[EDITORIALS]Bidding brings questionsThe Public Fund Oversight Committee, which is in charge of the use and recovery of public funds used to bail out insolvent financial institutions, has selected a consortium led by the Hanwha Group as the chief negotiating partner for the sale of the ailing Korea Life Insurance Co.
We have emphasized that while the government should be quick to handle companies that failed in the wake of the 1997 financial crisis, it should also try to sell those firms to the best qualified buyers at the most favorable prices possible. That is the right way to minimize losses of public funds and save ailing companies and jobs. The government should follow such a principle in its attempt to sell Korea Life, which received a hefty 3.6 trillion won ($3 billion) bailout from the government.
But there is something incomprehensible about the process of selecting the Hanwha consortium as the single preferred bidder through the committee's vote. First of all, some members of the oversight panel made strong opposing arguments against the bidder's qualifications and the method of the planned sale. In particular, a subcommittee in charge of the sale of Korea Life is said to have made a report, in which it cited reasons for rejecting Hanwha's bid: Hanwha Merchant Bank, a subsidiary of the conglomerate, was bailed out by the government at the height of the economic crisis. The report also raised questions about the sale price offered by the government during talks with Hanwha.
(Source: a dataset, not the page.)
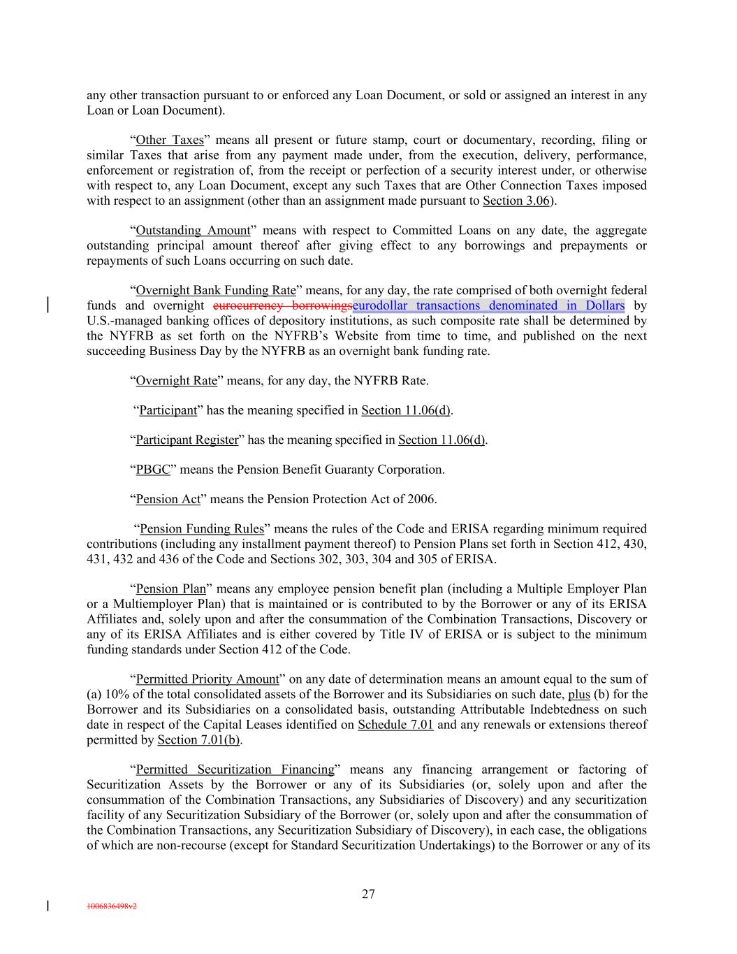 any other transaction pursuant to or enforced any Loan Document, or sold or assigned an interest in any Loan or Loan Document). “Other Taxes” means all present or future stamp, court or documentary, recording, filing or similar Taxes that arise from any payment made under, from the execution, delivery, performance, enforcement or registration of, from the receipt or perfection of a security interest under, or otherwise with respect to, any Loan Document, except any such Taxes that are Other Connection Taxes imposed with respect to an assignment (other than an assignment made pursuant to Section 3.06). “Outstanding Amount” means with respect to Committed Loans on any date, the aggregate outstanding principal amount thereof after giving effect to any borrowings and prepayments or repayments of such Loans occurring on such date. “Overnight Bank Funding Rate” means, for any day, the rate comprised of both overnight federal funds and overnight eurocurrency borrowingseurodollar transactions denominated in Dollars by U.S.-managed banking offices of depository institutions, as such composite rate shall be determined by the NYFRB as set forth on the NYFRB’s Website from time to time, and published on the next succeeding Business Day by the NYFRB as an overnight bank funding rate. “Overnight Rate” means, for any day, the NYFRB Rate. “Participant” has the meaning specified in Section 11.06(d). “Participant Register” has the meaning specified in Section 11.06(d). “PBGC” means the Pension Benefit Guaranty Corporation. “Pension Act” means the Pension Protection Act of 2006. “Pension Funding Rules” means the rules of the Code and ERISA regarding minimum required contributions (including any installment payment thereof) to Pension Plans set forth in Section 412, 430, 431, 432 and 436 of the Code and Sections 302, 303, 304 and 305 of ERISA. “Pension Plan” means any employee pension benefit plan (including a Multiple Employer Plan or a Multiemployer Plan) that is maintained or is contributed to by the Borrower or any of its ERISA Affiliates and, solely upon and after the consummation of the Combination Transactions, Discovery or any of its ERISA Affiliates and is either covered by Title IV of ERISA or is subject to the minimum funding standards under Section 412 of the Code. “Permitted Priority Amount” on any date of determination means an amount equal to the sum of (a) 10% of the total consolidated assets of the Borrower and its Subsidiaries on such date, plus (b) for the Borrower and its Subsidiaries on a consolidated basis, outstanding Attributable Indebtedness on such date in respect of the Capital Leases identified on Schedule 7.01 and any renewals or extensions thereof permitted by Section 7.01(b). “Permitted Securitization Financing” means any financing arrangement or factoring of Securitization Assets by the Borrower or any of its Subsidiaries (or, solely upon and after the consummation of the Combination Transactions, any Subsidiaries of Discovery) and any securitization facility of any Securitization Subsidiary of the Borrower (or, solely upon and after the consummation of the Combination Transactions, any Securitization Subsidiary of Discovery), in each case, the obligations of which are non-recourse (except for Standard Securitization Undertakings) to the Borrower or any of its 27 1006836498v2

Some argue that the government does not have to sell the life insurer as hurriedly as it did Hynix Semiconductor Inc. Unlike the debt-ridden chipmaker, which sees its losses snowballing every day, Korea Life posted a net profit of 870 billion won last year and is expected to earn some 500 billion won in each fiscal year of 2002 and 2003. Therefore, they say, it is more important to get the price the insurer deserves than to sell it as quickly as possible. The government may be able to sell the insurance firm at a higher price after 2003, when the country's five biggest conglomerates are allowed to enter the insurance market. In the meantime, the negotiations must not leave any suspicions in the course of talks with Hanwha.